The boundaries of the province were not stable throughout the 300 years of Spanish rule in the region. Although the general extent of the province almost always corresponded to what is now the department of Tolima, there were constant changes to the edges, particularly in the Nare River region). The limited knowledge of the land did not allow for establishing definite boundaries between one governorship and another, except in the case of easily identifiable natural boundaries.

At the time of the proclamation of independence (1814), Mariquita bordered the following provinces (clockwise): Antioquia, Tunja, Santa Fe, Neiva, and Popayán. The boundaries between provinces were not entirely clear since, except for the border marked by the Magdalena and Saldaña rivers, they were never clearly determined. However, this changed in the 1850s when Agustín Codazzi made a detailed description of the boundaries, as well as the geography, of most of the provinces that made up the Republic of New Granada for the Chorographic Commission (1850–1859).

The boundaries of the province of Mariquita in 1850 were primarily defined by geographical features. Beginning at the headwaters of the Chinchiná River in the peaks of the Cordillera Central, the border traversed the snow-capped peaks of Ruiz, Santa Isabel, and Quindío, as well as the páramos of Cumbara, Miraflores, Chiche, Iraca, Fraile, and Isabelilla. From this point, it extended to the headwaters of the Saldaña River, following its course to its confluence with the Magdalena River. The boundary then continued downstream along the Magdalena to the mouth of the Río Seco, crossed this river, and proceeded along the Negro River to the high peaks of the Eastern Cordillera. From there, it reached the headwaters of the Ermitaño River, following it to its mouth in the Magdalena River.

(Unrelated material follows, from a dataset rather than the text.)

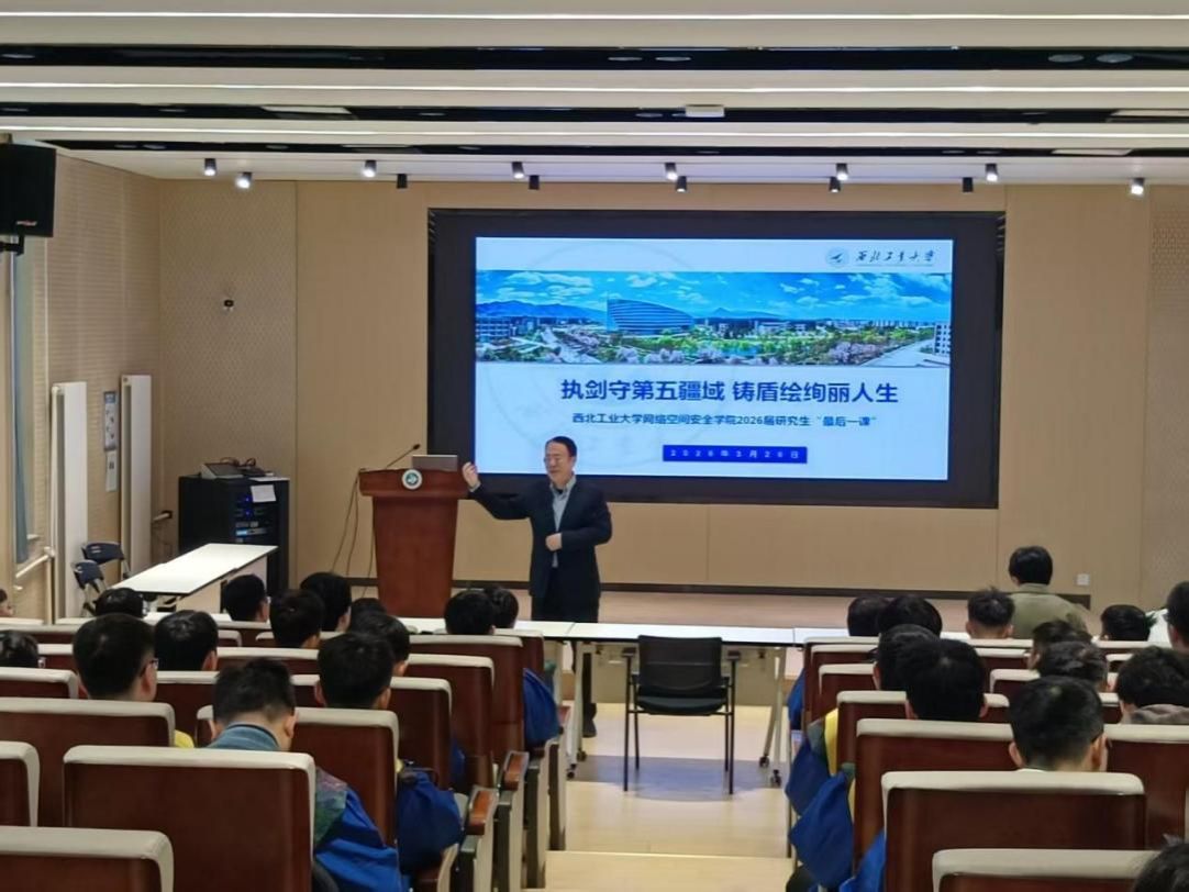 3月26日下午,William威廉英国官网2026届研究生毕业教育“工大最后一课”在长安校区顺利开展。网络空间安全公司党委书记张文涛以“执剑守第五疆域 铸盾绘绚丽人生”为主题,为即将毕业的2026届研究生深情讲授毕业前的最后一课。网络空间安全公司党委副书记杜瑶、组织员刘慧、辅导员王昌昌与全体毕业生一同聆听了授课。

The boundary then followed the course of the Magdalena River to the mouth of the Nus River. It traced the Nus upstream to the mountain range separating the watersheds of the Samaná Norte and Cocorná rivers. Continuing through the highlands of Tigre and Canelo, it reached the mouth of La Mulata Creek in the Samaná River. The border then followed the Samaná to its confluence with the La Miel River, tracing the latter upstream to its source in the Nevado del Ruiz. Finally, it extended to the headwaters of the Azufral and Chinchiná creeks, thus completing the demarcation of the province.

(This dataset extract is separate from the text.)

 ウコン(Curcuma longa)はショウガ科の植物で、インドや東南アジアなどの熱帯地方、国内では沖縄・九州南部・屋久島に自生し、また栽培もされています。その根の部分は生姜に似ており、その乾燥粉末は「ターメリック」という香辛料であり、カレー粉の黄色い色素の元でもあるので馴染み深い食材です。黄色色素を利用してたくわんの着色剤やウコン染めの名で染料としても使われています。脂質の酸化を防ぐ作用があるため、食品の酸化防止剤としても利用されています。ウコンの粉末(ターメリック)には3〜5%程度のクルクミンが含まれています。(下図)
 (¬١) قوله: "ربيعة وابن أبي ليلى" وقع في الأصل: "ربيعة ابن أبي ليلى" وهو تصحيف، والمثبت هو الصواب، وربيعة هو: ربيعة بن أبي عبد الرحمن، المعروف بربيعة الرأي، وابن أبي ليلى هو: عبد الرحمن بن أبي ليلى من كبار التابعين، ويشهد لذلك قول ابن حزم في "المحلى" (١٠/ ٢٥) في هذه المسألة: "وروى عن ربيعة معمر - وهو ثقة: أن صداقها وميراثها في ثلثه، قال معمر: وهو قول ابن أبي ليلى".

=== Territorial division ===
The province of Mariquita had various types of territorial divisions. Initially, it was divided into partidos, which were later called jurisdictions. With the arrival of independence, these subdivisions came to be called cantons, though the boundaries were modified and some subdivisions were merged.

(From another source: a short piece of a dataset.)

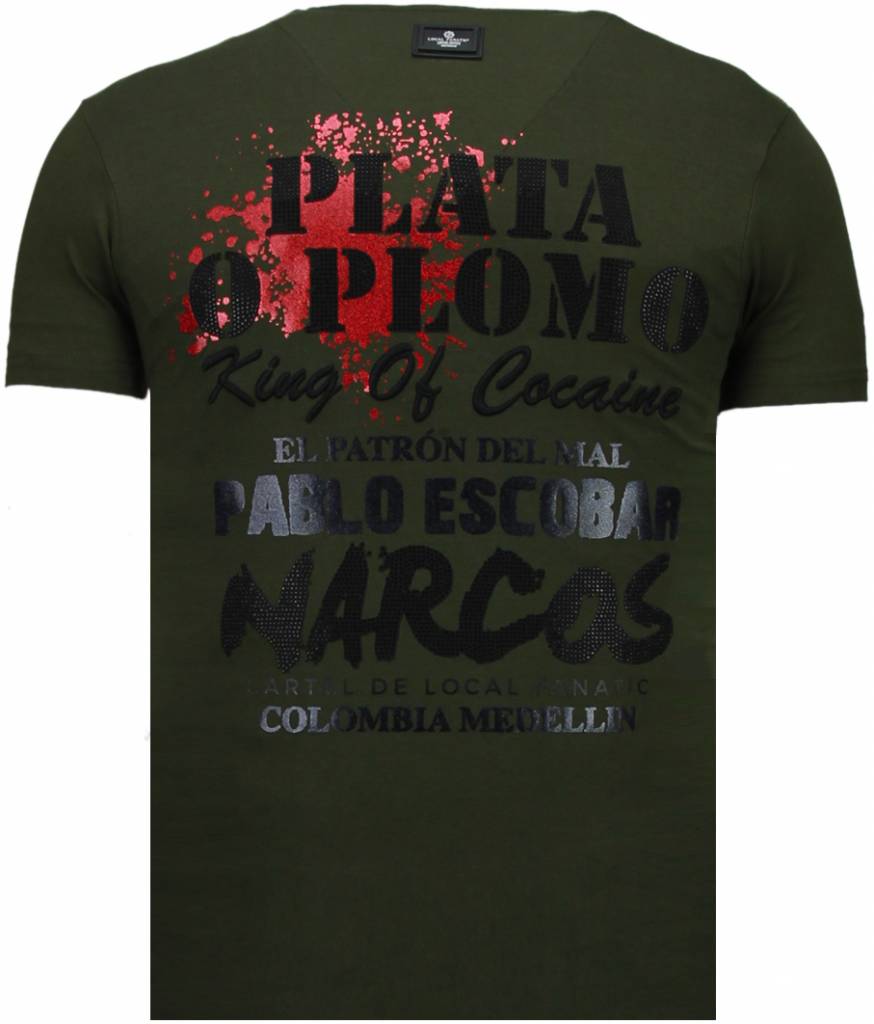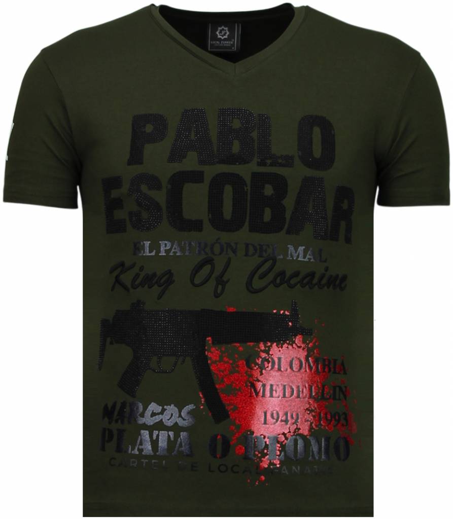 Pablo Escobar Narcos Rhinestone - T Shirt Herr - 5782G - Grön

In 1825, the province was divided into the cantons of Mariquita, Honda, Ibagué and La Palma. By 1835, Mariquita had the cantons of Mariquita, Espinal, Honda, Ibagué and La Palma. In 1843, it was divided into the cantons of Mariquita, Castrolarma, Espinal, Honda, Ibagué and La Palma.

Between 1843 and 1851, the province was composed of the following cantons, parochial districts, and villages:

- Canton of Honda: Honda, Ambalema, Calamoima, Méndez and Nare.
- Canton of Castrolarma: Chaparral and Ortega.
- Canton of Espinal: Espinal, Guamo and San Luis.
- Canton of Ibagué: Ibagué, Coello, Miraflores, Piedras, Valdesina, Valle de San Juan and Venadillo.
- Canton of Mariquita: Mariquita, Guayabal, Peladeros and Santana.
- Canton of La Palma: La Palma, Caparrapí, Peña, Peñón, Topaipí and Yacopí.

== Demographics ==
According to data provided by the secretary of the Viceroyalty of New Granada, Francisco Silvestre, in his book Description of the Kingdom of Santafé de Bogotá in 1789, the province had a population of 47,138 inhabitants. By 1835, the province had grown to 79,721 inhabitants.
According to the 1851 census, the province had 105,105 inhabitants, of which 51,380 were men and 53,725 were women.